数分「魔力抵抗」の訓練をやると、次の訓練法に移る。
それは、体の左半分に正の魔素、右半分に負の魔素を集めて性質の違う魔素を分離し、体の中心を魔力を通さない絶縁性にする訓練だ。
「コンデンサー訓練」とか「キャパシター訓練」などと呼ばれていた方法だな。
コツは、魔素の分離の精度を上げる事と絶縁部分を可能な限り薄くすることだ。
難易度の高い訓練方法である代わりに、魔圧の上昇においては最も効率的な訓練でもある。

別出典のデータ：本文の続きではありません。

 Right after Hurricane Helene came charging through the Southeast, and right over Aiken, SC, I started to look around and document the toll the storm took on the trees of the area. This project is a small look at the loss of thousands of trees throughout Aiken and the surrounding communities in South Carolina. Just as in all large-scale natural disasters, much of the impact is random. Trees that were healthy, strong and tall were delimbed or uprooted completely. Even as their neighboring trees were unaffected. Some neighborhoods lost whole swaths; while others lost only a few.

当たり前だが、前世に比べると分離の精度も低いし、絶縁層もかなり厚くしないとすぐ失敗してしまう。
もどかしいというよりは、懐かしい感じだな。
ま、転生のデメリットは覚悟していた事だし、成長を楽しんでいくとしようか。
最後の訓練法は、体内で魔力を螺旋状に流すというものだ。
この訓練には、特殊な性質がある。
魔力を螺旋状に流すと、螺旋の軸の部分に「気」の場ができるのだ。この現象は、師範によって「魔気誘導」と名づけられた。

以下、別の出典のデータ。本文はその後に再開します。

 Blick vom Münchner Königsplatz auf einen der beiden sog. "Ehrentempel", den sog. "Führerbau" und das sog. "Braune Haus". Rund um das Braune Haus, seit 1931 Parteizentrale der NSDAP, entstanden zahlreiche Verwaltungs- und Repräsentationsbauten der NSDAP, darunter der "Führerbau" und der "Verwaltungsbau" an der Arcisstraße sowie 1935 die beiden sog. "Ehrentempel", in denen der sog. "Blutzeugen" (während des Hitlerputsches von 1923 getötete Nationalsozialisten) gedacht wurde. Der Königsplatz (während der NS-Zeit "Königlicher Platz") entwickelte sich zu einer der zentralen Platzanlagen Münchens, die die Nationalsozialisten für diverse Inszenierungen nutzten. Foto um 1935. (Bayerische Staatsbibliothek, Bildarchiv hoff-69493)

因みに「魔気誘導」に代表されるような魔力と気の相互作用は、師範である大賢者グレフミンによって発見された。
そしてこの発見こそが、我が師範が大賢者と称される理由なのだ。
なんせ、この発見のおかげで人類は魔力と気の双方を扱えるようになったのだからな。
我が師範は、人類の発展の礎そのものだ。
さて、訓練に話を戻そう。
うん、問題なく「気」の流れを感じるな。
訓練していない6歳児の魔力で発生させられる「気」の場などたかが知れているのだが、前世の感覚のおかげで微かに気を感じ取れた。

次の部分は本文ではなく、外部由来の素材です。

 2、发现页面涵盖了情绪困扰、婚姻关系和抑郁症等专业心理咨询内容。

ある程度強力な「気」の場を生成できるようになれば、こんどは気の訓練も開始できるようになる。
実に楽しみだ。
魔流の訓練を初めてから約2時間が経ったところで、俺は今日の訓練を切り上げた。
転生してから初めての訓練なのでちょっと張り切りすぎたのか、かなり疲れてしまったな。
昼寝でもするか。
☆ ☆ ☆
昼寝から覚めた俺は、本を読むことにした。
居間の本棚をざっと眺める。
ここには子供用の本しか置いてないし、父の書斎にでも行ってみるか。
……そう思った矢先、俺は本棚の1冊の本に目が留まった。
タイトルは、「大賢者グレフミンの伝記」だ。
……なぜ、そんなものが存在する?
俺が知る限り、師範は自伝を残すような人でもなければ他人に伝記を書かれて喜ぶような人でもなかった。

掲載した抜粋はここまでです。